I am trying to select from the data frame df
the rows that match a list of keys IDs
.
df.loc[IDs]
In rare cases they keys are not contained in the DataFrame and a KeyError is thrown:
KeyError: "None of [['001U000001c6OczIAE' '001U000000fgVR9IAM' '0015800000ecNcjAAE'\n '001U000000fgVRDIA2']] are in the [index]"
Can I easily get to the list of missing keys from that exception? Would it be better/cleaner/more pythonic to not do this by exception handling?
Without more info it looks like you may have forgotten a step- have you set your index to the Salesforce ID (assuming that's what it is)?
For example (random data):
df
a account
0 1 abc
1 3 abc
2 5 abc
3 7 def
4 7 def
5 34 gf
6 3 hj
7 24 hj
lis = ['abc', 'hj']
df.loc[lis]
KeyError: "None of [['abc', 'hj']] are in the [index]"
For pandas versions prior to 0.21.0
After setting index:
df.set_index('account').loc[lis]
a
account
abc 1
abc 3
abc 5
hj 3
hj 24
Missing values should not throw an error, rather np.nan
value:
lis = ['abc', 'hj', 'j']
df.set_index('account').loc[lis]
a
account
abc 1.0
abc 3.0
abc 5.0
hj 3.0
hj 24.0
j NaN
For pandas versions 0.21.0+
You will need to instead use the dataframe method reindex()

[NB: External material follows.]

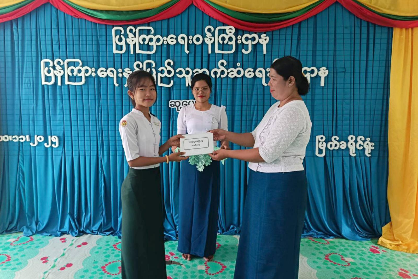 ထို့နောက် ပြိုင်ပွဲများတွင် ဆုရရှိကြသူများအား တာဝန်ရှိသူများက ဆုများအသီးသီးပေးအပ်ခဲ့ကြသည်။ ဆက်လက်၍ ကျောင်းသား/သူများက အမျိုးသားအောင်ပွဲနေ့ အထိမ်းအမှတ် နံရံကပ်စာစောင်နှင့် စာအုပ်ပြပွဲကို ကြည့်ရှုအားပေးကြကြောင်း သိရသည်။
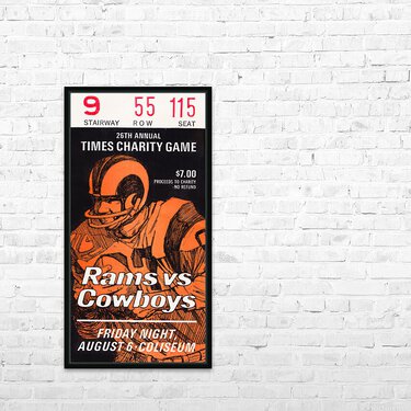 Row One's vintage sports wall art collection includes the greatest tickets and cover art in sports history as well as baseball scorecard art, retro basketball art, vintage game day ads, historic photos, cartoons, paintings, and retro 1980s sneaker posters. Use the magnifying glass icon under the Row One square logo below to help you navigate the art collection.

. With reindex, however, you will not be able to have duplicates in the index (so my example above will not work without some deduplication):
df.set_index('account')\
.groupby(level=0).first()\ # de-duplicate index here
.reindex(lis2)
a
account
abc 1.0
hj 3.0
j NaN
Unfortunately using reindex()
after deduplicating there is data loss if you're trying to continue working with the dataframe. Regardless, this is probably not the best way to find identifiers missing from your dataframe.